Which means we’re both fucked because I couldn’t control my damn dick today. Sure as hell won’t be able to control it for the next three weeks while she’s still unmarried, still untouched by another, still mine all the way.

As for the wedding day itself?

Will fate turn in our favor?

Will destiny shift in our direction?

We’ll find out in three weeks.

11

THREE WEEKS LATER.

WEDDING DAY.

AMELIA

Fate failed us.

Destiny deserted us.

Here I am alone in the bride’s dressing room, waiting for the clock to strike noon like I’m waiting to be led to the gallows of my execution, not the altar of my wedding.

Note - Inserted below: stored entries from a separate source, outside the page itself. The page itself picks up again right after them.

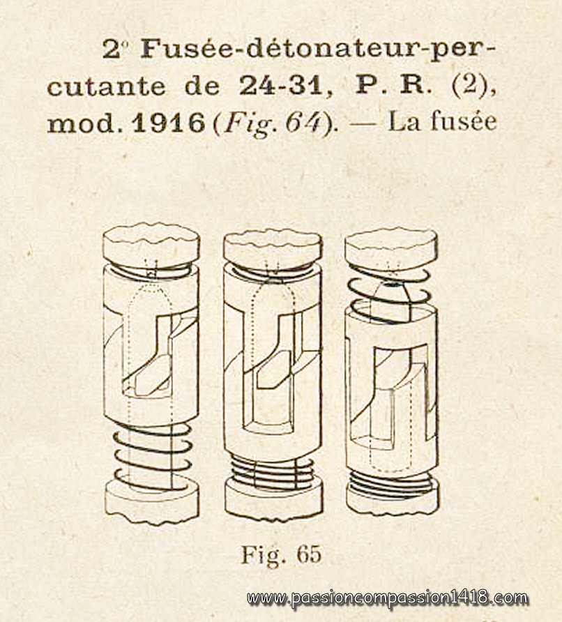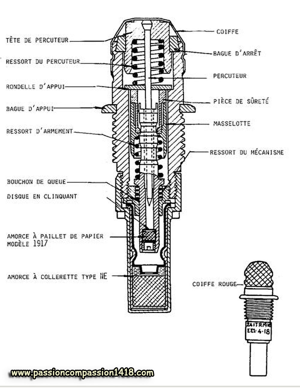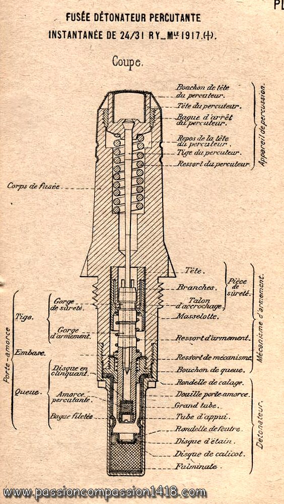 Fusée double effet 24/31 A Mod 1918 ou fusante Mod 1916. Schéma d'époque |
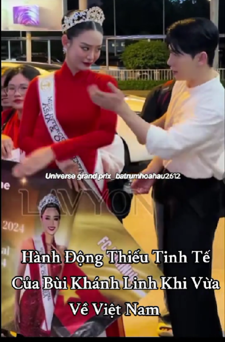Sau khi đăng quang ngôi vị Á hậu 3 Miss Intercontinental 2024 ở Ai Cập, Bùi Khánh Linh trở về Việt Nam. Minuk cùng bố mẹ Bùi Khánh Linh cũng ra sân bay từ sớm để đón cô.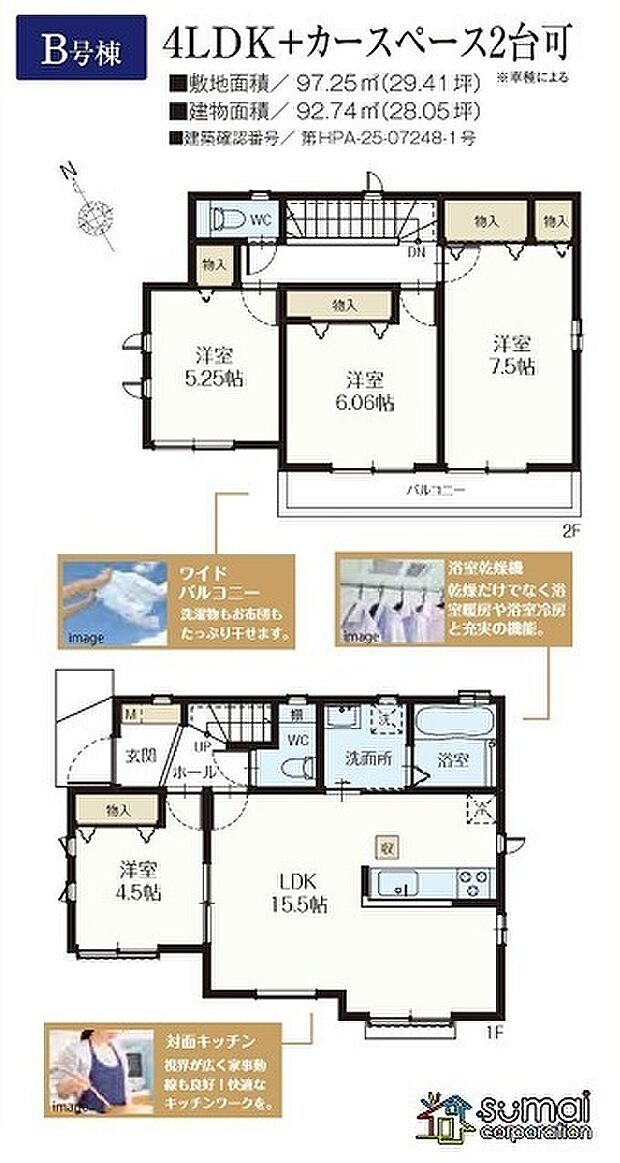 | 間取り | 4LDK 間取り内訳:リビングダイニングキッチン・洋室・洋室・洋室・洋室 |

Zedd wasn’t invited to the wedding, and I’m relieved even though my heart died last night when we said our final goodbyes. It was my last night in my warm cozy bedroom. A bedroom that holds the best memories of my childhood.

And what I know will be the best memories of my womanhood too.

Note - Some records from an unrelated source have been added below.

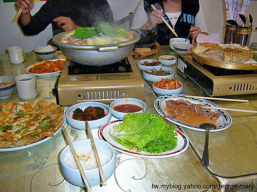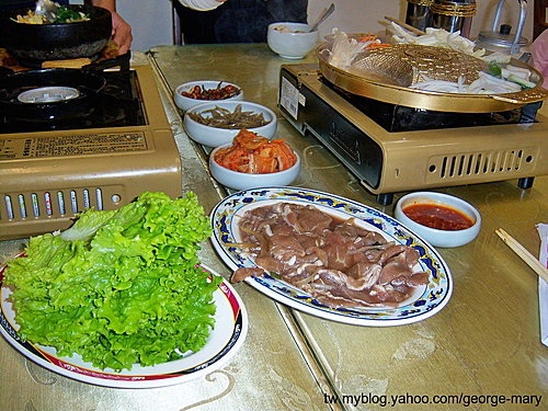 你看多鮮豔的色相呀!紅配綠ㄡ!看起來是不是讓你食指大動呢?還有阿!那個阿仁ㄚ~竟然不會韓國烤肉ㄟ,看他那笨手笨腳的樣子真的好笑耶!還多虧我幫銅盤用湯匙加高湯,一來讓肉汁流下銅盤跟高湯結合讓湯更美味,二來肉也不會焦而黏在銅盤上,阿仁ㄚ~學起來沒
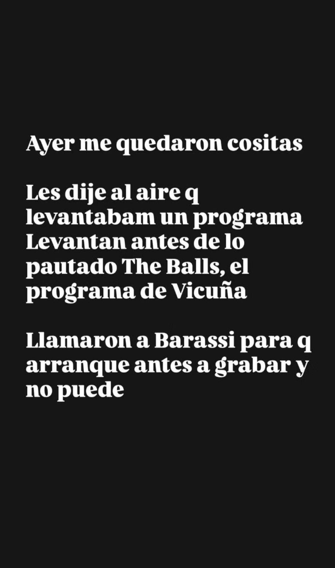 «Les dije al aire que levantaban un programa. Lo levantan antes de lo pautado: The Balls, el programa de Benjamín Vicuña”, aseguró la conductora. Con el fin de reacomodar la grilla semanal, las autoridades del canal habrían intentado que Darío Barassi comience las grabaciones de «Ahora caígo» antes de lo pensado. «Llamaron a Darío Barassi para que arranque antes a grabar, pero no puede», explicó Latorre.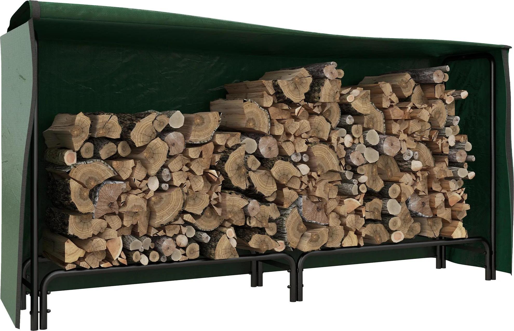 Rack à bois de chauffage - Support à bois de cheminée avec couvercle - 200 × 36 × 99 cm - Extérieur - Résistant aux intempéries - Noir et vert foncé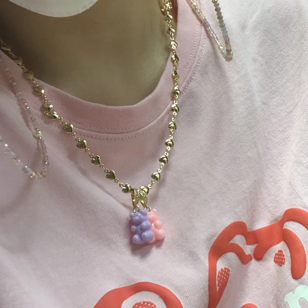 Модное милое Радужное мультяшное ожерелье с мини-медведем на цепочке до ключиц для женщин ожерелье с резиновыми мишками из Кубического циркония в форме сердца металлическое колье ювелирные изделия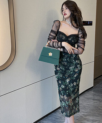 花柄 チュール ロングドレス セクシー 脚長効果 着瘦せ 高級感 披露宴 LT2-JY9467

Because every night Zedd snuck into my room and made me his woman over and over again.

I don’t know how he managed to get past the guards and the cameras every night for twenty-one days straight. Every night I lay awake watching the cracked window for him, panicking if he was even a minute later than his midnight entry.

But sometimes my mood would flip, and in those dark moments I wished for Zedd to be caught. I’d fantasize about running down the stairs in my nightshirt and bunny-slippers, ordering Father’s guards not to hurt him, then having a showdown with Father, trying to break him with my will, with my determination, with my love.

But Zedd was too careful for that. He knows Father just as well as I do—maybe even better, since I spent half my teenage years away in Italy, the dark mafia-boss side of my father hidden from me, allowing me to partially deny that my princess-privilege was paid for with the blood of others, with crime and cruelty, darkness and death.

And death is what it feels like now. My glum face stares back at me from the flower-framed bridal mirror. I look like a fat painted whore, comes the self-loathing thought as gloom settles over me like a dark cloud. For one awful moment I see my future as Ralph Romero’s wife, with dark circles beneath my eyes from sleepless nights pining for Zedd, deep worry-lines creasing my forehead from the endless days of despair.

The despair reaches so deep into me I wonder if I should just end it.

Then suddenly the despair lurches into blind rage, anger that Zedd isn’t here, isn’t just killing everyone and running away with me.

He said I’m his, so why isn’t he just killing everyone and making me his, comes the sulky pouty thought that I know is childish and unrealistic, that works great in the fairytale of my fantasy but would end with Zedd full of bullet-holes and my life destroyed even worse than if I just submitted to my fate and married Ralph Romero.

Which I’m going to do, comes the resigned reminder pouting back at me from the mirror. It’s over. Three weeks is what you had with your true love, and it’s over now.

Sure, Zedd swore he’d find a way to sneak into the Romero estate once I moved there, but we both know that’s far too dangerous—for both of us. Ralph Romero wouldn’t hesitate to execute his own cheating wife, and although Father might be tempted to start a war of vengeance, the depressing truth is the Consortium of Families would rule that Ralph was justified and Father needed to stand down or else face censure by most of the American mafia families.